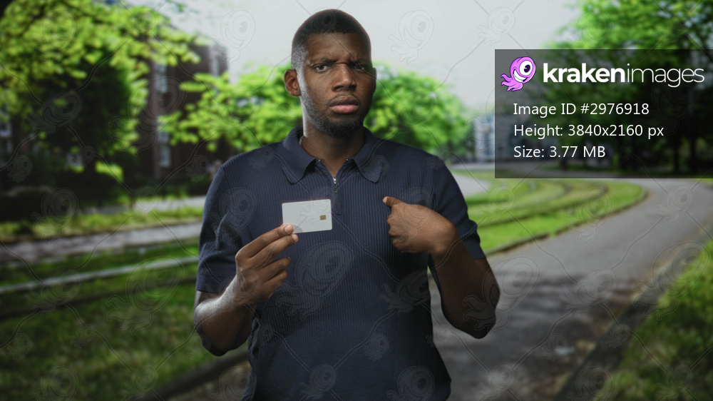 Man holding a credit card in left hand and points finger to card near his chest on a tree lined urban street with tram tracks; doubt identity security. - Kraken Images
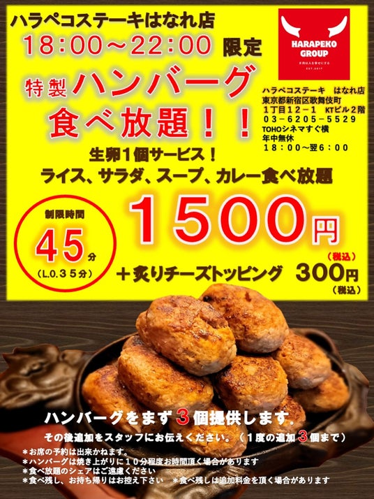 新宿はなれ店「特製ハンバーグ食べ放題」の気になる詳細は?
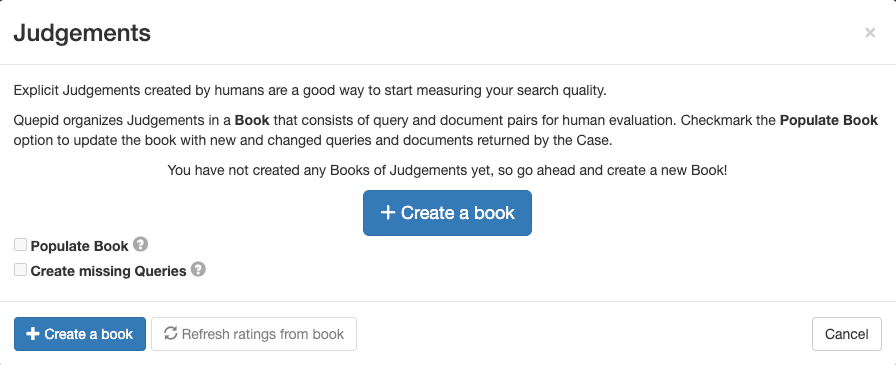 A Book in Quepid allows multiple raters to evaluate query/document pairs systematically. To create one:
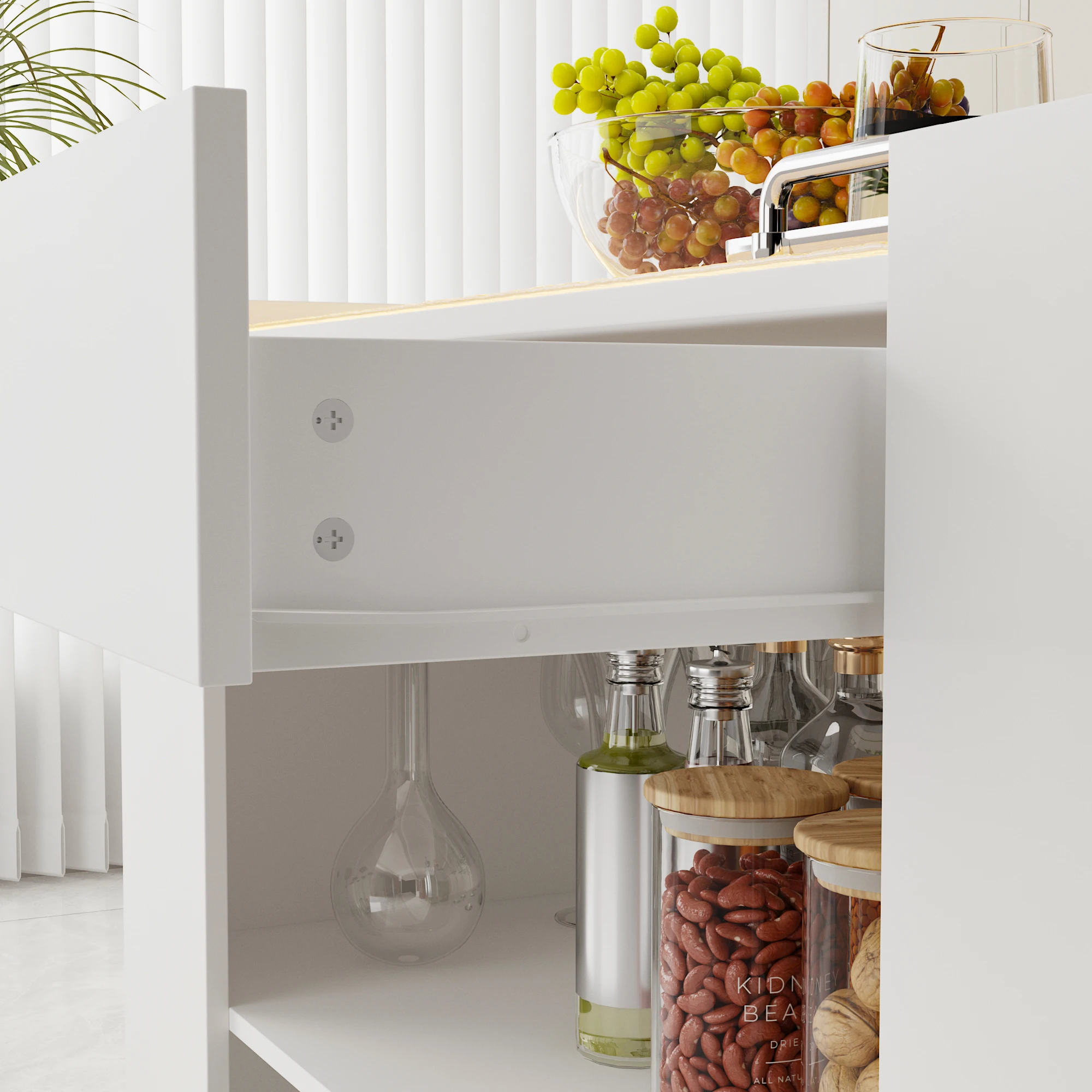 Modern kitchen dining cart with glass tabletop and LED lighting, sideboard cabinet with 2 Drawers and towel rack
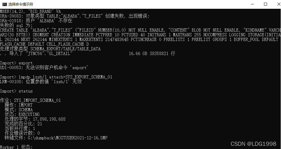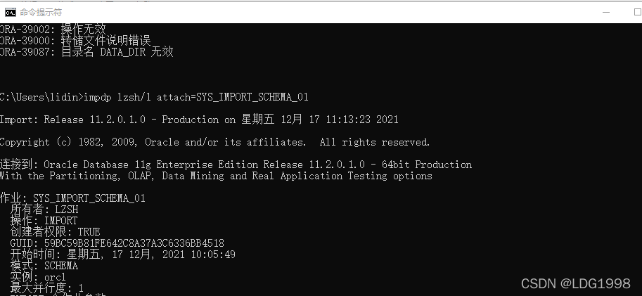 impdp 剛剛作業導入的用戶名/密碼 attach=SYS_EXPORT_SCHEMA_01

····················

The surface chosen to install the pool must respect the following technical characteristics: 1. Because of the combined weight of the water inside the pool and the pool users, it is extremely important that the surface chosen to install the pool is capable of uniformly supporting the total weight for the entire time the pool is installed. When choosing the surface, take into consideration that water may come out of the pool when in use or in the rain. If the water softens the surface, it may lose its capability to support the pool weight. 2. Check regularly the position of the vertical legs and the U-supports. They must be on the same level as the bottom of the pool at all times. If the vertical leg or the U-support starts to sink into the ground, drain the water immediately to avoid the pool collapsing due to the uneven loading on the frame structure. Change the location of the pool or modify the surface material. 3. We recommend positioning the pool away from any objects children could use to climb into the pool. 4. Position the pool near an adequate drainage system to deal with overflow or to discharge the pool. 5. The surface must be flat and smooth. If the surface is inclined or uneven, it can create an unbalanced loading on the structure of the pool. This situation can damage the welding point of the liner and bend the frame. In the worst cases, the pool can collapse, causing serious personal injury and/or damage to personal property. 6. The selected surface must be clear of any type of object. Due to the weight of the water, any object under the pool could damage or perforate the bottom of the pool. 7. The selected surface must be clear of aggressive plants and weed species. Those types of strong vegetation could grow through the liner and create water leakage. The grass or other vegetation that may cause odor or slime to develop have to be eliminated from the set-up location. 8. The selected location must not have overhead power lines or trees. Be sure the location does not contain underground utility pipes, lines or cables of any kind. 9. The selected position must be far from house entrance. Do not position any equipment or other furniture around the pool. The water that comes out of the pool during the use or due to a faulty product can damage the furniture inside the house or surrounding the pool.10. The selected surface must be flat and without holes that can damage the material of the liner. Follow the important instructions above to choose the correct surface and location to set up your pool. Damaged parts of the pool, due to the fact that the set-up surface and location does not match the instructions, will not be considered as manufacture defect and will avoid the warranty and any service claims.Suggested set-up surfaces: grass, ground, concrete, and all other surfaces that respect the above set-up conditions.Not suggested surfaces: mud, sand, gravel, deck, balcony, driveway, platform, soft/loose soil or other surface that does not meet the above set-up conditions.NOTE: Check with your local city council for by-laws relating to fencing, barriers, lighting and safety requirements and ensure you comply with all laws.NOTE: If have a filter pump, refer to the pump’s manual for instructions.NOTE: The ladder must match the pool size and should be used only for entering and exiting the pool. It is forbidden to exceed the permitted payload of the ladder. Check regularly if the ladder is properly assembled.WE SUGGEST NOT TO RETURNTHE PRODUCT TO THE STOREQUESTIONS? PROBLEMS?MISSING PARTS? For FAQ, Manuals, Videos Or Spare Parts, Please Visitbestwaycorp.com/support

····················

▸ The problem:
From the listing above, repeat only the lines between the line containing "Man holding a" and the line containing "impdp 剛剛作業導入的用戶名/密碼 attach=SYS_EXPORT_SCHEMA_01", those two included. Pictures are not part of the copy.

▸ Expected answer:
 Man holding a credit card in left hand and points finger to card near his chest on a tree lined urban street with tram tracks; doubt identity security. - Kraken Images
 新宿はなれ店「特製ハンバーグ食べ放題」の気になる詳細は?
 A Book in Quepid allows multiple raters to evaluate query/document pairs systematically. To create one:
 Modern kitchen dining cart with glass tabletop and LED lighting, sideboard cabinet with 2 Drawers and towel rack
 impdp 剛剛作業導入的用戶名/密碼 attach=SYS_EXPORT_SCHEMA_01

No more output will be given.